Many Catholic members of the synod speaking Oct. 7-9 praised Protestant groups for their work in distributing Bibles and expressed admiration for the centrality their churches give to the word of God.
At the same time, the first three ecumenical delegates to address the synod expressed hope that as Catholics focus more on the Bible, the Christian churches would draw closer together in faith and in action.
U.S. Cardinal William J. Levada, prefect of the Congregation for the Doctrine of the Faith, told the synod Oct. 8 that a close relationship exists between the Scriptures and ecumenism.
“The Bible is truly a terrain for unity,” he said.
However, the cardinal said, “one cannot ignore the historical fact that is at the root of the division between Christians: the controversial interpretation of certain important fundamental biblical texts,” including over the identity of Christ, the means of salvation and the role of the church in interpreting Scripture.
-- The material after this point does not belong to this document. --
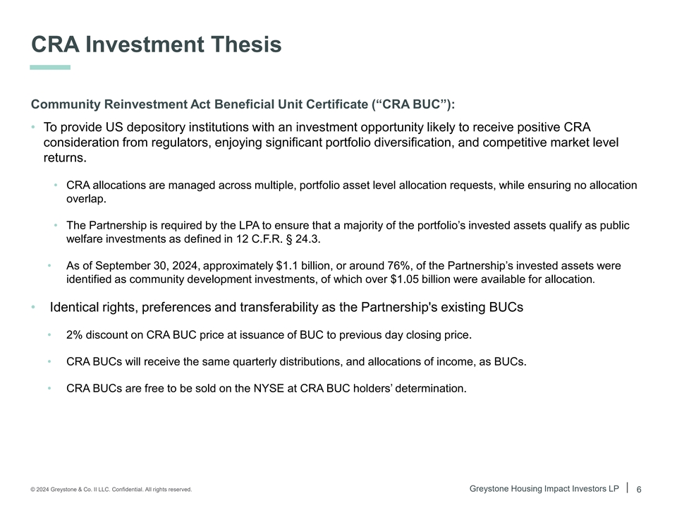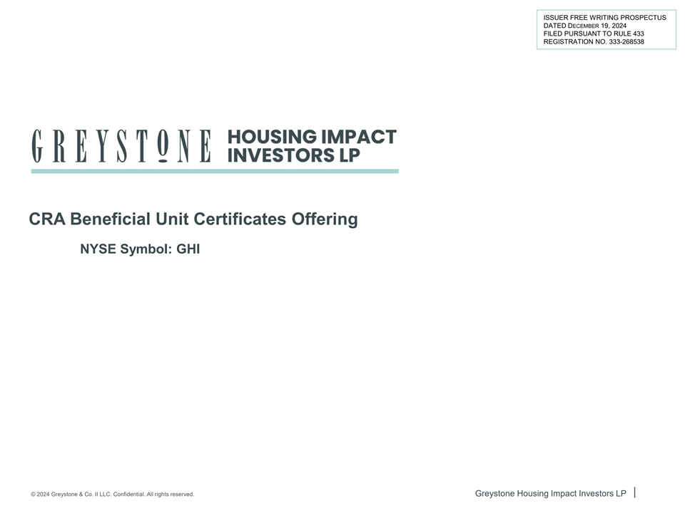 ISSUER FREE WRITING PROSPECTUS DATED DECEMBER 19, 2024 FILED PURSUANT TO RULE 433 REGISTRATION NO. 333-268538 CRA Beneficial Unit Certificates Offering NYSE Symbol: GHI © 2024 Greystone & Co. II LLC. Confidential. All rights reserved. Greystone Housing Impact Investors LP

Cardinal Levada asked synod members to keep the ecumenical importance of the synod’s theme in mind as they discuss and deliberate because “the attention given to the written word of God is certainly a very strong bond that draws the Catholic Church closer to the other confessions.”
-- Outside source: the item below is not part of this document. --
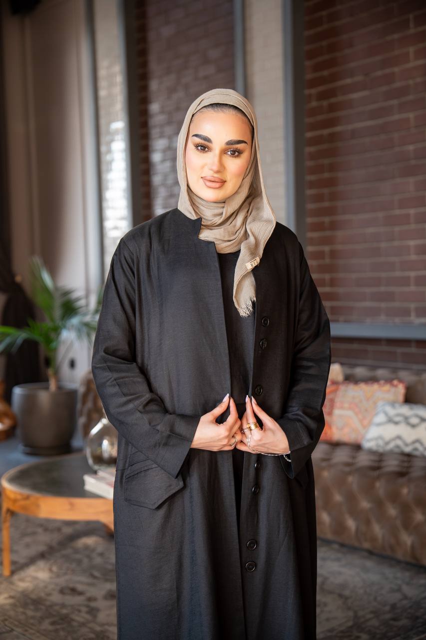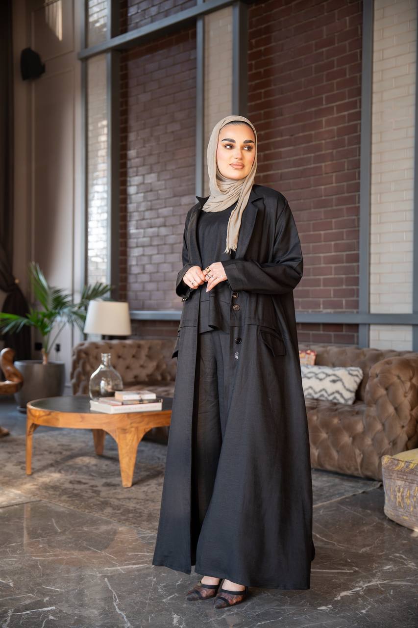 An elegant and practical vest made from the finest types of luxurious linen raw material in an attractive black color with a design that combines elegance and sophistication, making it a distinctive piece and ideal for different tastes. The cut of the vest is practical and elegant, suitable for outings, daily outings and all times so that you are in full elegance, so do not hesitate to buy it. The vest is available in all sizes and lengths according to your request. (The price is for the vest only and does not include the underwear)

In an Oct. 7 message to the synod, the Rev. Samuel Kobia, general secretary of the World Council of Churches and a Methodist minister from Kenya, said that Jesus’ prayer in the Gospel of St. John that his disciples would be one shows that “the search for the visible unity of the church is an indispensable dimension of the life and mission of the church.”
The message, read by Romanian Orthodox Metropolitan Nifon of Targoviste, the WCC representative at the synod, also said the synod’s focus held a promise for the renewal of the entire Christian church.
“How the word of God resonates in our lives, transforms us and motivates deeds of love among us is indeed central for the holistic mission of the church,” Rev. Kobia wrote.
He said the world, “torn apart by conflict and war, divided between rich and poor and haunted by communal hatred and violence,” desperately needs the united witness of Christians who love one another.
The Rev. Robert K. Welsh, the U.S.-based president of the Disciples of Christ’s council on Christian unity, told the synod Oct. 9 that “Christian unity stands at the heart of the Gospel’s message; division within the body of Christ is a scandal before God and before the world.”
He also said that focusing on the importance of Scripture is “a theme that is central to the life of the whole church, calling forth obedience in the church’s listening, obedience in our proclamation and obedience in our responding to the Word of God made flesh for the sake and salvation of the whole world.”
Like the other ecumenical delegates, retired Lutheran Bishop Gunnar Stalsett of Oslo, Norway, the representative of the Lutheran World Federation, said the synod topic “is truly ecumenical, it impacts all religions and has a message for the world.”
He told synod members, “All three ‘religions of the book’ – Judaism, Christianity and Islam – are today in a squeeze between secularism and fundamentalism.”
If people truly believe religious freedom is a basic human right, “this implies that there must be room in society for fundamentalist expressions of faith, even when this leads to sectarianism and division,” he said.
The role of religious leaders, he said, is to counter fundamentalism with education in the genuine interpretation of Scripture and to ensure people understand that “terrorism in the name of God is an affront to all faiths as it is a violence against God.”